Saturday, March 26, 2011

Public Art at Porter Square Station


Twice a week, I take public transportation from Brookline to Arlington to get to work at 13Forest. With such a long commute I have to plan my time perfectly, looking up train and bus times for the most efficient travel. While most MBTA users are worried about buses and trains running late, I've learned that I should be primarily concerned with how long it takes me to get off the T at Porter and make it to street level.

The Porter Square T stop is the deepest station in the Boston area, descending 105 feet below ground. The station contains three levels, connected by escalators and stairs. Together, the escalators reach 143 feet, and the stairs next to them contain 199 steps. The first time I discovered how far below I was I stared at the escalators in disbelief and became annoyed at how tedious the ascent would be. But over the past few weeks I have noticed the public art in the station, and now the walk up the escalator isn't so bad.

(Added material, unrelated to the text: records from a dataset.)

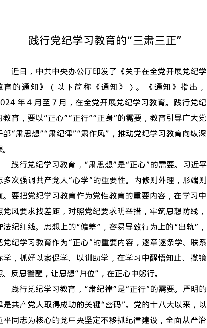 党纪学习教育∣09学习交流:20240408践行党纪学习教育的“三肃三正”
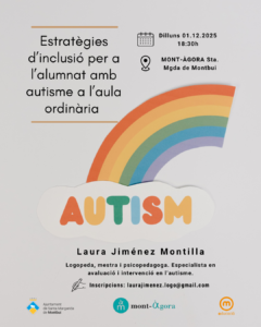 Vine a descobrir estratègies pràctiques d’inclusió per a l’alumnat amb autisme a l’aula ordinària, de la mà de Laura Jiménez Montilla, logopeda, mestra i psicopedagoga especialista en avaluació i intervenció en l’autisme.
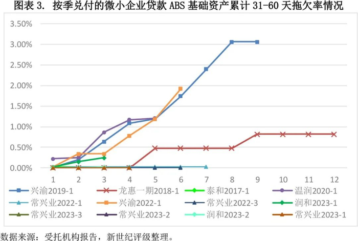 在选取的13单按季兑付的静态现金流微小企业贷款ABS中,从最后一个表现期的累计31-60天拖欠率来看,大多数按季兑付产品的累计31-60天拖欠率低于1.50%,最高累计31-60天拖欠率为3.07%。“常兴业”系列产品累计31-60天拖欠率表现最优。
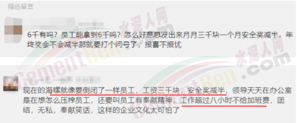 今年6月下旬,海螺水泥對于網傳“海螺裁員”消息辟謠稱,不可能裁員,效益不好的工廠部分能力強的員工會調崗到集團內另外的企業。之后又傳出海螺水泥安全獎減半的消息,且有通知稱,若企業出現虧損,年金也將取消。
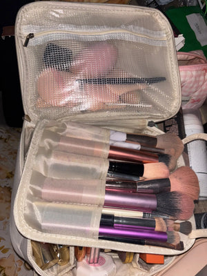 It boasts a large capacity, perfect for storing all your beauty essentials, from brushes and palettes to toiletries, ensuring nothing is left behind.
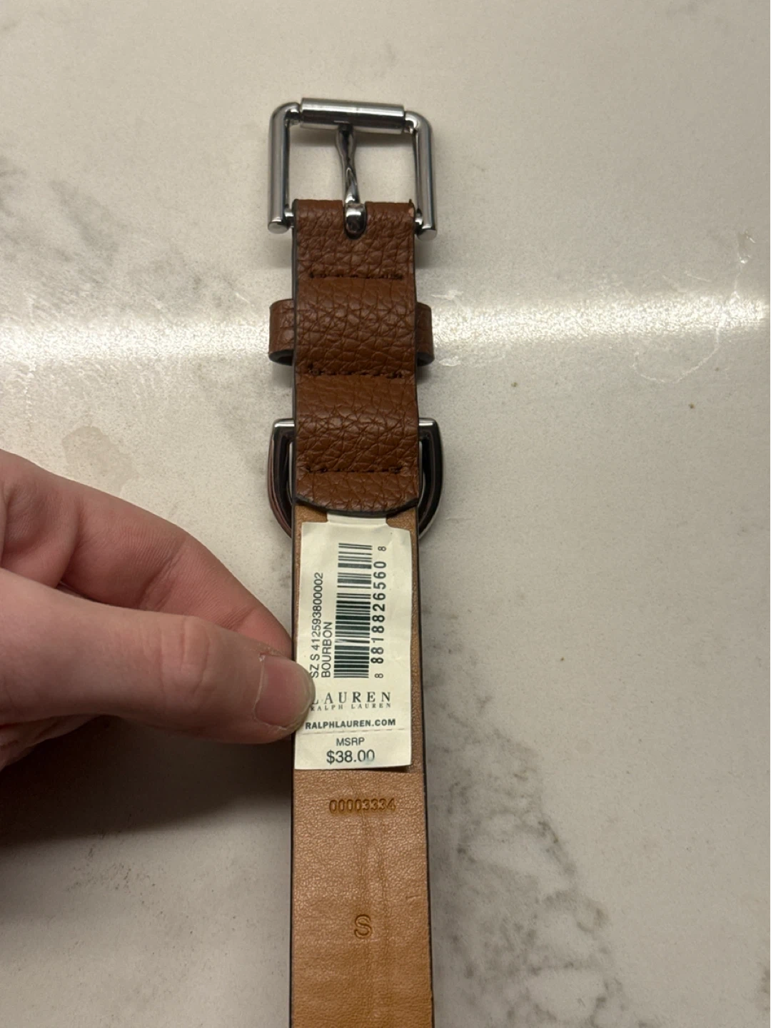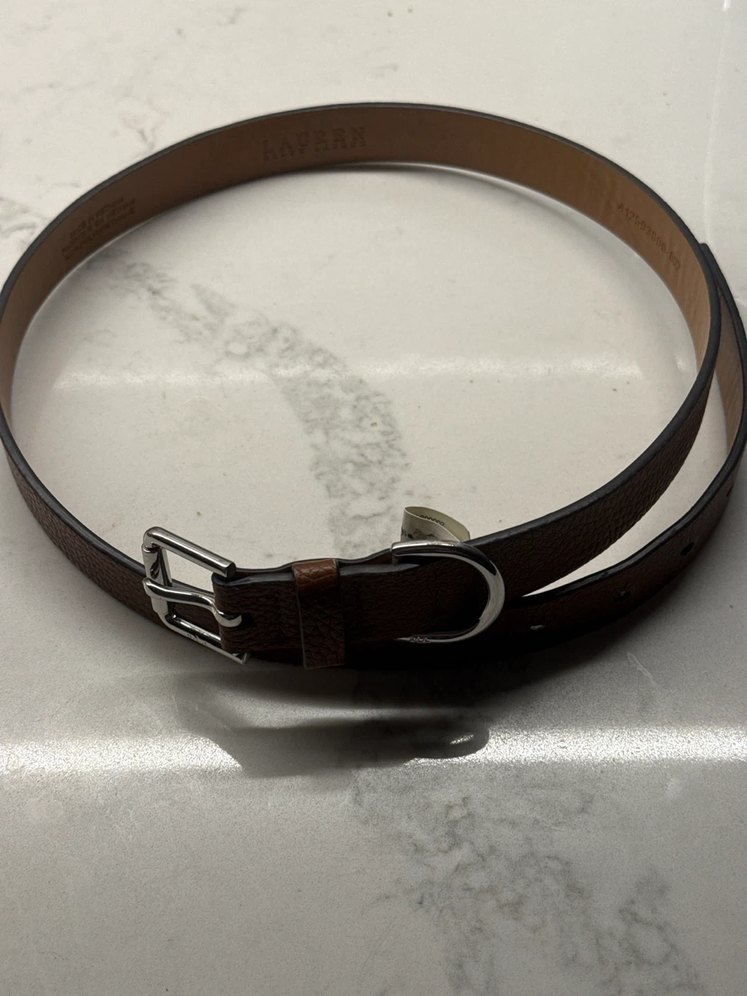 Brown pebbled leather belt by Lauren Ralph Lauren. Features a silver-tone buckle. Size S. Never used.

The public art featured in the station is titled Glove Cycle, by Mags Harries. The piece is an installation of bronze castings of lost gloves flowing down the escalator and scattered throughout the station. The work is part of the Arts on the Line program, created by the Massachusetts Bay Transit Authority, and was commissioned for $30,000. The gloves are placed all around the station, on the escalators, in a corner pile, and even incorporated into the platform floor. Harries' statement on the piece notes that "the subway station is a daily ritual; a controlled pathway designed to move commuters as efficiently as possible. The positioning of the cast-bronze glove pieces echo the pattern and pauses of this ritual to make a sculptural narrative. The narrative begins at the subway’s token booth and ends on the train platform, a subway life cycle. The cycle brings commuters a sense of continuity as they go underground and return to the surface." The artist has also mentioned that the piece reflects abandoned gloves that get lost under winter snow and are revealed again in the spring. I believe this comment on the arrival of spring and renewal is something everyone in New England can appreciate.

I now look forward to walking through Porter and spotting the gloves. I've noticed that each time I walk through I discover a hidden glove that I had not seen the previous time. This element of surprise is something I believe is very important in art. Just like a painting that keeps drawing you in with hidden details, this sculpture and concept created by Harries continues to amaze me every week.